Items from a data source
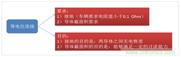 在電動汽車產品中,如果整個電池組的最大電壓超過60V(DC),就已經超過了人體安全電壓的範圍,必須進行等電位連接,以確保使用安全。
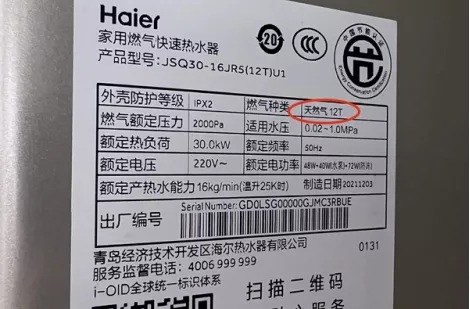 二看燃气种类或代号:家用燃气器具分为家用燃气灶具、家用燃气快速热水器和燃气采暖热水炉,人工煤气的代号是3R、4R等、天然气的代号是10T、12T等、液化石油气的代号是19Y,20Y等,不同燃气的代号不同,切忌混用燃气。
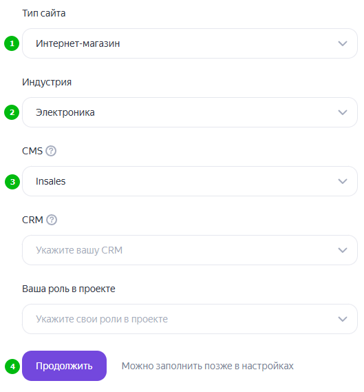 2. Укажите в качестве типа сайта "Интернет-магазин", подходящий тип индустрии и в поле "CMS" - "Insales".
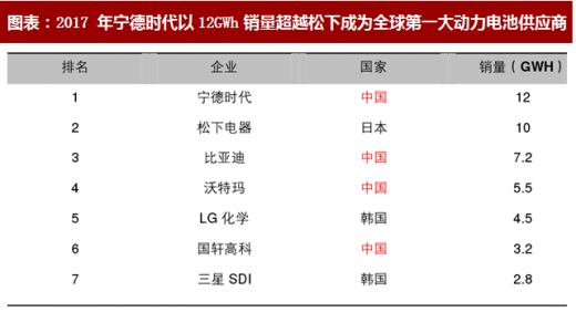 在举步维艰的大环境下,行业中已有真强者崭露头角;17 年宁德时代以 12gwh 动力电池销量力压松下电器,虎踞全球动力电池出货量首位,而全球前七大动力电池供应商中中国企业占据四席,中国已然培养出数家具备较强国际竞争力的动力电池企业。
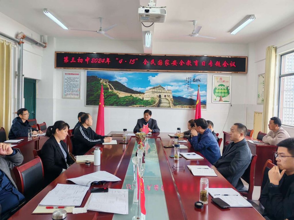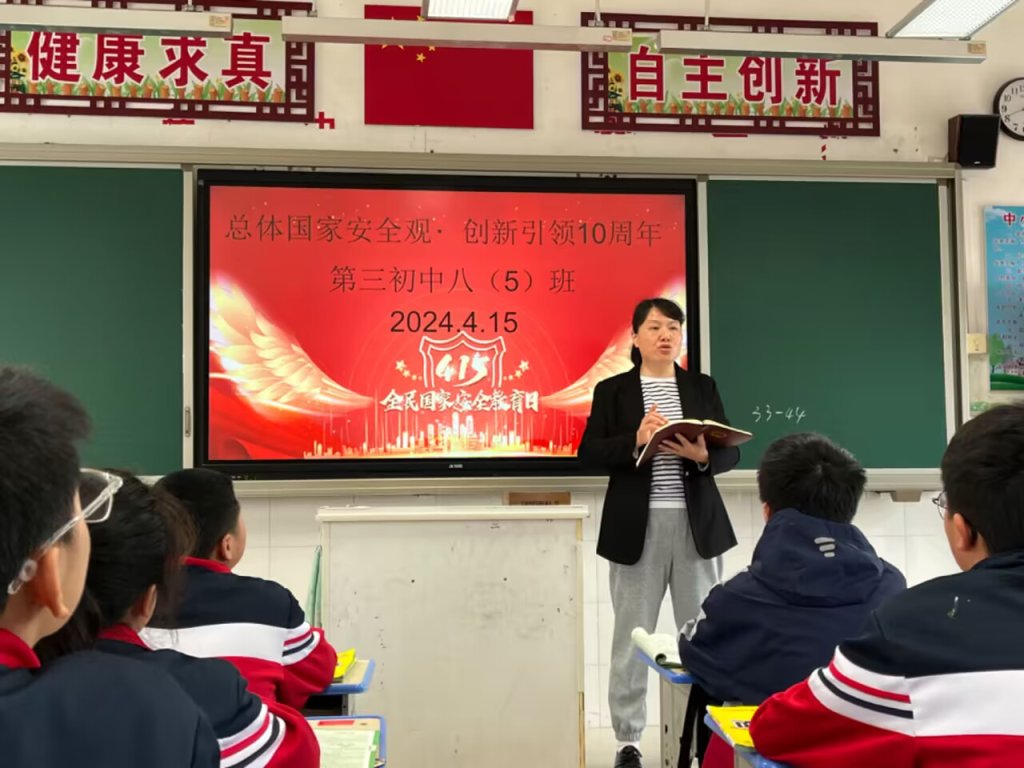 ~ 为了落实此项工作,第三初中领导班子召开了“4·15”国家安全教育宣传日专题会议,强调各部门、各年级严格按照活动要求,在校园内广泛开展主题宣传教育,营造全民共筑国家安全人民防线浓厚氛围。上午,学校举行了以国家安全教育为主题的升旗仪式。升旗仪式上,学生代表进行“安全教育”主题国旗下讲话,带领全校师生了解何为国家安全,什么是总体国家安全观,如何维护国家安全,以及日常生活中注意警惕危害国家安全的活动。各班围绕“总体国家安全观·创新引领10周年”主题开展了国家安全主题班会,让全体师生进一步明确每位公民都有维护国家安全的责任和义务,国家安全,人人有责。
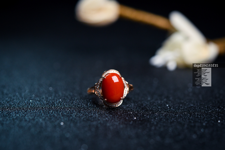 图片标题: 红珊瑚戒指特写
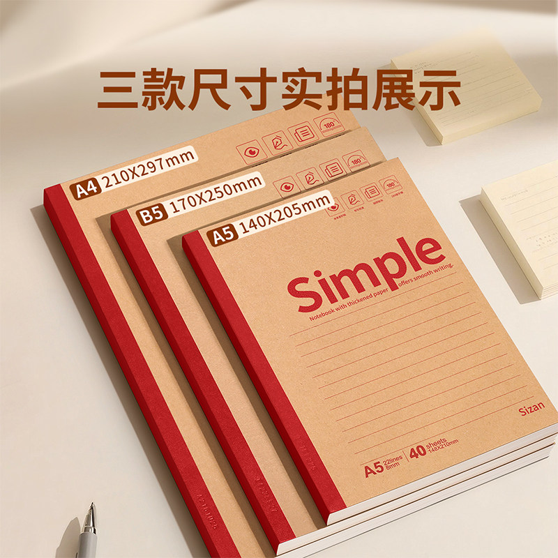 b5牛皮纸笔记本本子加厚简约高中生初中生专用工作记录a5大学生记作业本a4软面抄办公用横线本学习练习本平摊
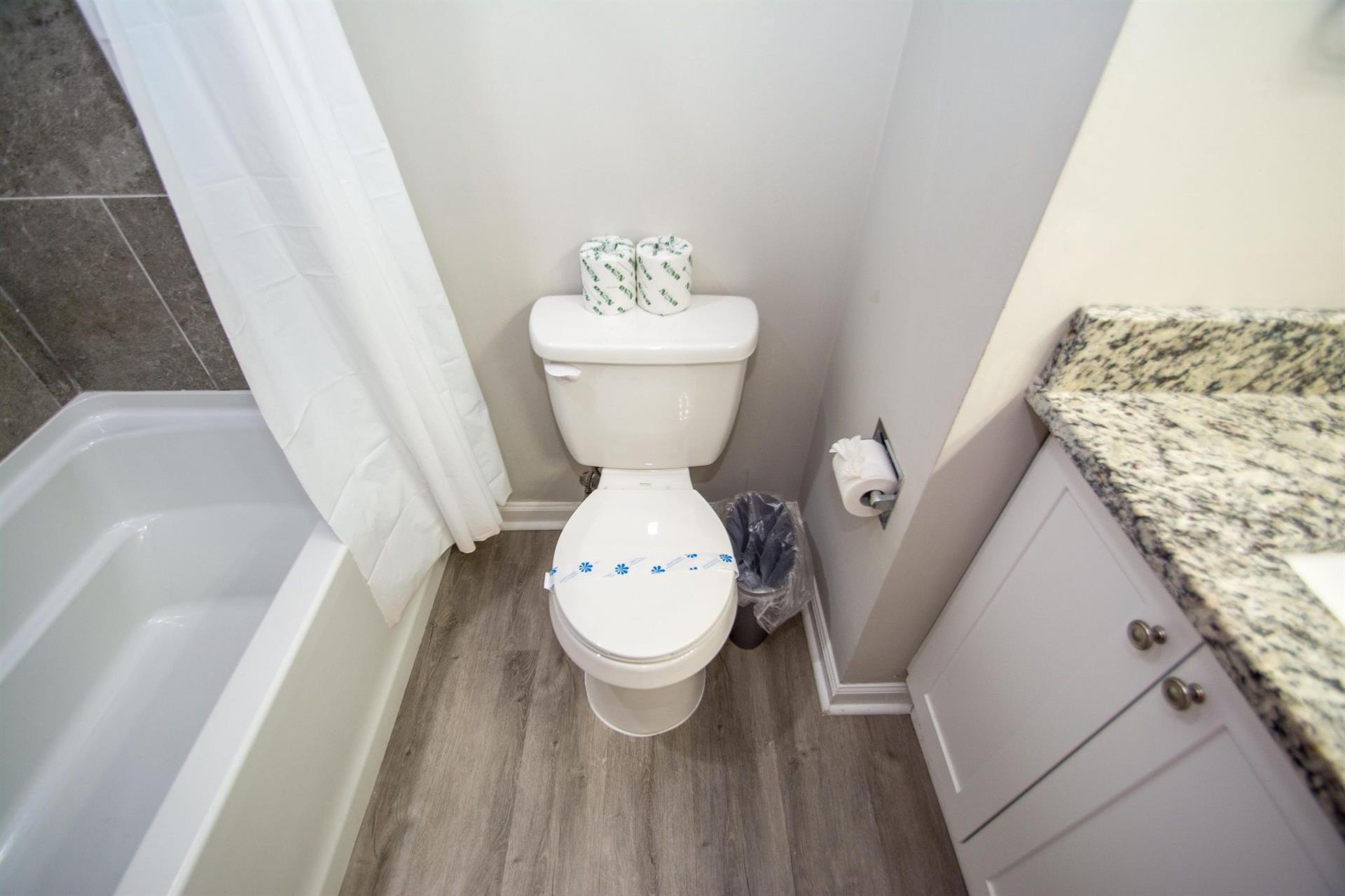 The unit was fantastic! We loved that there were 2 bedrooms in the unit, and that there was space for us all to have our own space during down time. The 4 things that we had complaints about are: 1) We were surprised that there was not any toilet paper in one of the bathrooms. With a 5 day stay, there was not enough toilet paper. 2) The garbage can is tiny. I would recommend one that is at least twice the size and would recommend providing garbage bags. 3) The sheets for the king bed did not fit the bed. The sheets came off every time we got on the bed. 4) We were very bummed that the pool was closed. This was a major bummer for our family.
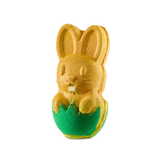 このバスボムはラッシュで働くスタッフのインスピレーションから生まれました。「子どもと一緒にシーグラスを拾いに出かけた際、化石を見つけたんです。ウサギは隠れるのが好きですから、化石みたいにウサギが見つかったら面白いのではと考えました。」
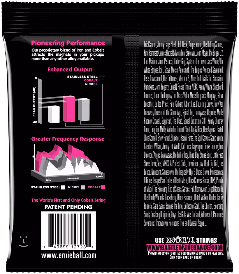 Struny Ernie BallCobalt Slinky pre elektrickú gitaru boli vyvinuté s cieľom maximalizovať hlasitosť a čistotu zvuku, pričom sa pri ich výrobe používajú najnovšie materiály a výrobné technológie. Vyznačujú sa širokým dynamickým rozsahom, veľkým počtom vyšších harmonických, silnejšími basmi a čistými, prenikavými výškami. Ich čaro spočíva v použití kobaltu, ktorý lepšie spolupracuje s magnetickým poľom snímačov a ponúka presné snímanie zvuku. Kobalt tiež robí struny mäkšie a pružnejšie, čo oceníte najmä pri ohýbaní.
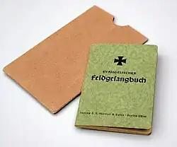 Evangelische Gesangbücher für den militärischen Gebrauch sind seit Beginn des 18. Jahrhunderts nachweisbar,[1] römisch-katholische seit dem Ende des 19. Jahrhunderts.[2] Evangelische und katholische Feldgesangbücher wie auch Zusammenstellungen jüdischen Militärliedgutes[3] gehörten zur soldatischen Ausrüstung im Ersten Weltkrieg. Im Zweiten Weltkrieg wurden die evangelischen und katholischen Gesangbücher von 1939 genutzt. Einige Liedtexte waren im Sinne der Nationalsozialisten verändert worden. So endete „Großer Gott, wir loben dich“ mit „Losungswort sei allzugleich: Treu zu Führer, Volk und Reich!“.[4]
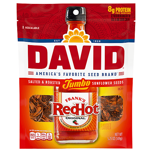 Kick it up a notch and grab a bag of DAVID Frank's RedHot Flavored Jumbo Sunflower Seeds, a delicious snack with the perfect blend of flavor and heat. DAVID Frank's RedHot Seeds offer a spicy and satisfying snack on the go to tide you over through the home stretch. Each 5.25-ounce, individually packaged bag contains about 2 servings with 180 calories and 8 grams of protein per serving. These Frank's RedHot Sauce flavored seeds make perfect travel snacks and are gluten-free. David Sunflower Seeds provide a quality difference that you can taste with select top-quality sunflower seeds, roasted and seasoned to perfection. Contains 1 bag of DAVID Frank's RedHot Jumbo Sunflower Seeds, 5.25 ounces.
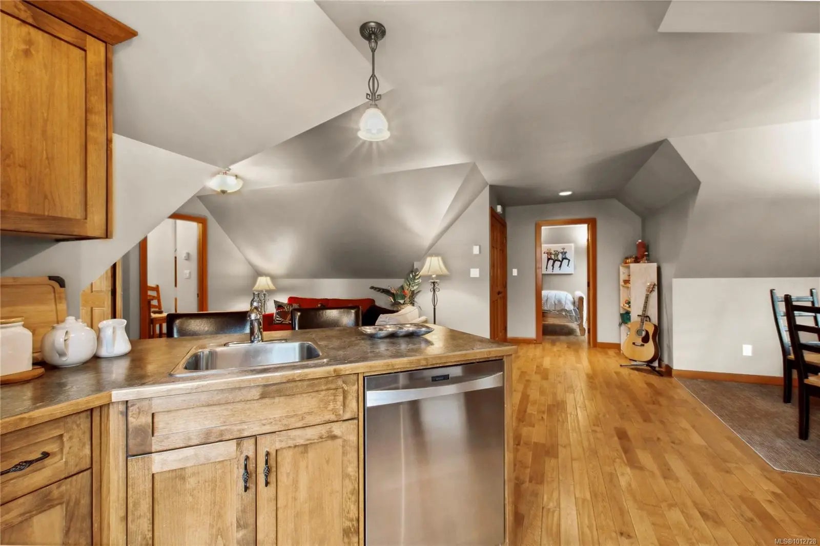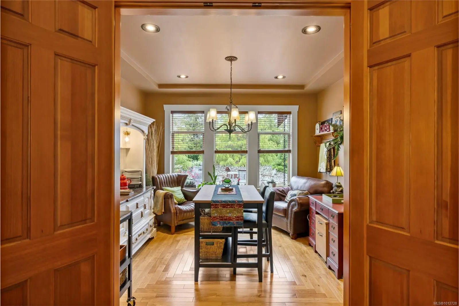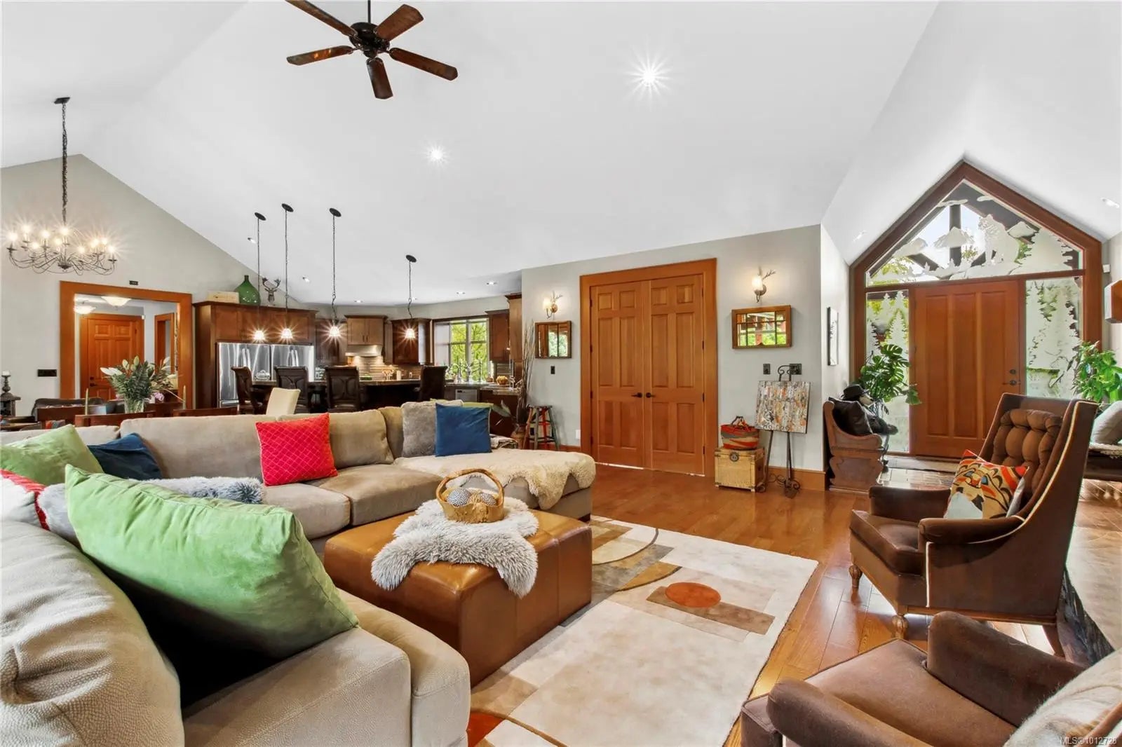 Set on nearly 3 acres in prestigious Benson Meadows, this custom-built estate offers exceptional privacy, craftsmanship & functionality. The 3-bedroom + den main home showcases timber accents, vaulted ceilings, a dramatic K2 stone fireplace & a chef’s kitchen with cherry cabinetry, dual ovens, walk-in pantry, and seamless flow to a 1,200 sq ft covered patio — perfect for year-round entertaining. The luxurious primary suite features a spa-inspired ensuite, fireplace, & private hot tub access. A separate guest wing includes a bedroom with ensuite & private lounge. Energy-efficient design, triple garage, massive crawlspace, heated tile floors & hot water on demand add convenience & comfort. A detached 2-bed carriage home sits above a 4-bay over-height shop — ideal for hobbyists, extended family or rental income. Fully fenced with dual driveways, beautifully landscaped yards, a bunkie, RV parking & direct trail access to Ammonite Falls and Mount Benson — just 15 mins from all amenities.

■ **TASK ITEM**: What should come back is an exact copy of the lines above from the line with "图片标题: 红珊瑚戒指特写" to the line with "b5牛皮纸笔记本本子加厚简约", both included, minus the pictures.

■ **RESULT OF THE EXERCISE**:
 图片标题: 红珊瑚戒指特写
 b5牛皮纸笔记本本子加厚简约高中生初中生专用工作记录a5大学生记作业本a4软面抄办公用横线本学习练习本平摊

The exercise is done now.